TASK STATEMENT: Within the entries below, please return exactly the lines from the one with "فاز الدكتور محمد" through the one with "Высокие ботинки Chelsea", leaving out any pictures.

STORED DATA:
━━━━━━━━━━━━━━━━━━━━━━━━━━━━━━
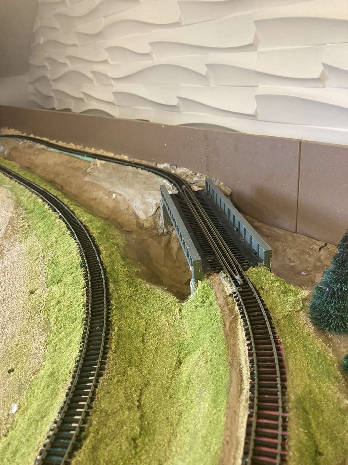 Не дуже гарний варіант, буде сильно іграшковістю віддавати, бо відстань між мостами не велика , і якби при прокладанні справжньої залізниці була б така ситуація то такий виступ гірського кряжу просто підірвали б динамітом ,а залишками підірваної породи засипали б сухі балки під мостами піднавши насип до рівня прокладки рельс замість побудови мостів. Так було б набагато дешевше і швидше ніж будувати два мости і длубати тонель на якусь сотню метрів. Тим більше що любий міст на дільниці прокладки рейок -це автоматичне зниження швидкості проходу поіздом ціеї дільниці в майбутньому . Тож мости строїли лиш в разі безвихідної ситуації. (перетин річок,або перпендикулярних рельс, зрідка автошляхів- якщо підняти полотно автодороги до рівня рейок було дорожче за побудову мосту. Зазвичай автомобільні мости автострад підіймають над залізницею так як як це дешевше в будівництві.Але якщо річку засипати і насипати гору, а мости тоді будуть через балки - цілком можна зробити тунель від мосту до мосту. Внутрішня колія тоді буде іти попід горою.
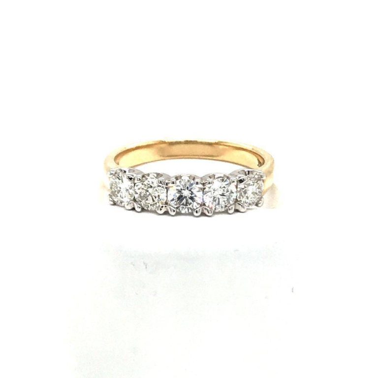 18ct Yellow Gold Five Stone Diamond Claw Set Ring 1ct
━━━━━━━━━━━━━━━━━━━━━━━━━━━━━━
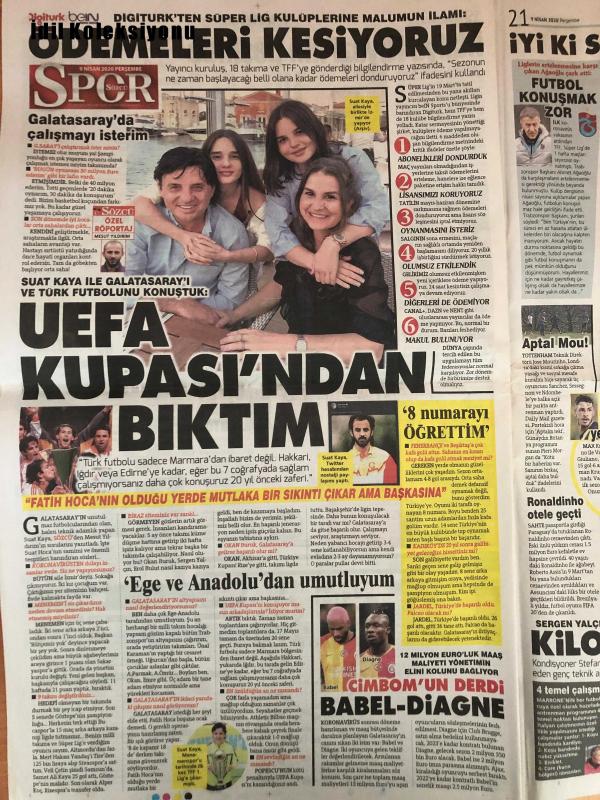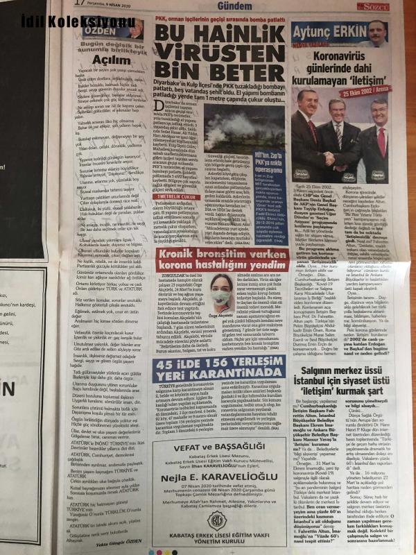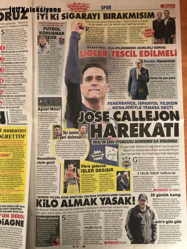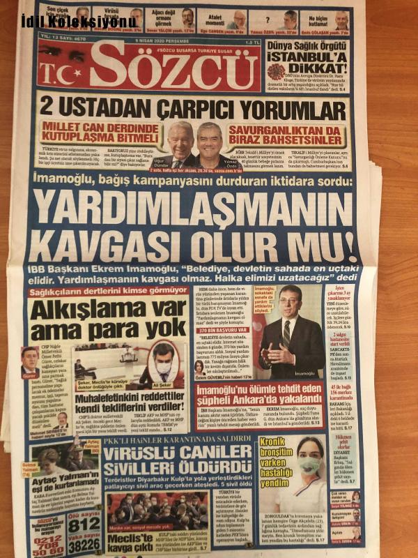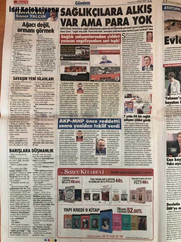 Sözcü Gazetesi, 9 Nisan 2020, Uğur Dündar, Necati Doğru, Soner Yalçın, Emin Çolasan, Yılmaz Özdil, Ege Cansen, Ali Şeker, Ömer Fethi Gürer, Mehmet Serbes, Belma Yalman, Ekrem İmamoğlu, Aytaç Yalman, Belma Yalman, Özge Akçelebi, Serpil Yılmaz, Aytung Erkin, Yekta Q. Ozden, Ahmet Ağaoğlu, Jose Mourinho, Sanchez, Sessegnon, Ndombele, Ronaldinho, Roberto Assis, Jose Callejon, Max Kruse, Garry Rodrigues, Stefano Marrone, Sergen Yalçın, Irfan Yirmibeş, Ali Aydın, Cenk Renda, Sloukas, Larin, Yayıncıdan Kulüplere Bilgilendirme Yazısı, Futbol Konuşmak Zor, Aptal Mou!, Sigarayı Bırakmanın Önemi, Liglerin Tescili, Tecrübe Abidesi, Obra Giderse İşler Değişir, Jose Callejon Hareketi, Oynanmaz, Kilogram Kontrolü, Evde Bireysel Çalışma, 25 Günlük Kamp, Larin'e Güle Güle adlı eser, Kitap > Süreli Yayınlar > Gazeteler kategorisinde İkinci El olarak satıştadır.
━━━━━━━━━━━━━━━━━━━━━━━━━━━━━━
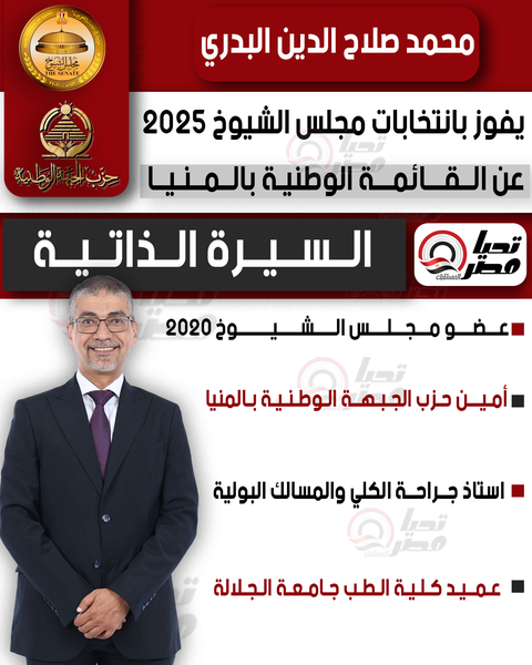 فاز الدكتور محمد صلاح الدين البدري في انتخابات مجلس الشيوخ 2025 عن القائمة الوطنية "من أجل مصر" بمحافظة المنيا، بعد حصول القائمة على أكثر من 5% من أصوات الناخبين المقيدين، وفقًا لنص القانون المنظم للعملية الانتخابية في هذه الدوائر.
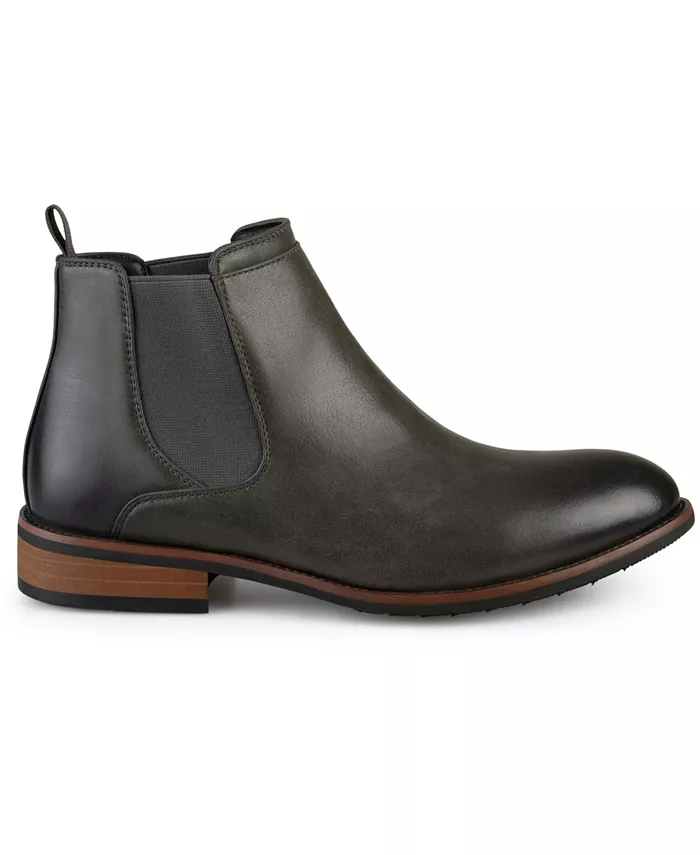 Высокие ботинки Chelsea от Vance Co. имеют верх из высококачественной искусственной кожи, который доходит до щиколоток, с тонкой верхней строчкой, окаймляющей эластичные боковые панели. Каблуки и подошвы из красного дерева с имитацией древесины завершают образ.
━━━━━━━━━━━━━━━━━━━━━━━━━━━━━━
EXERCISE SOLUTION:
 فاز الدكتور محمد صلاح الدين البدري في انتخابات مجلس الشيوخ 2025 عن القائمة الوطنية "من أجل مصر" بمحافظة المنيا، بعد حصول القائمة على أكثر من 5% من أصوات الناخبين المقيدين، وفقًا لنص القانون المنظم للعملية الانتخابية في هذه الدوائر.
 Высокие ботинки Chelsea от Vance Co. имеют верх из высококачественной искусственной кожи, который доходит до щиколоток, с тонкой верхней строчкой, окаймляющей эластичные боковые панели. Каблуки и подошвы из красного дерева с имитацией древесины завершают образ.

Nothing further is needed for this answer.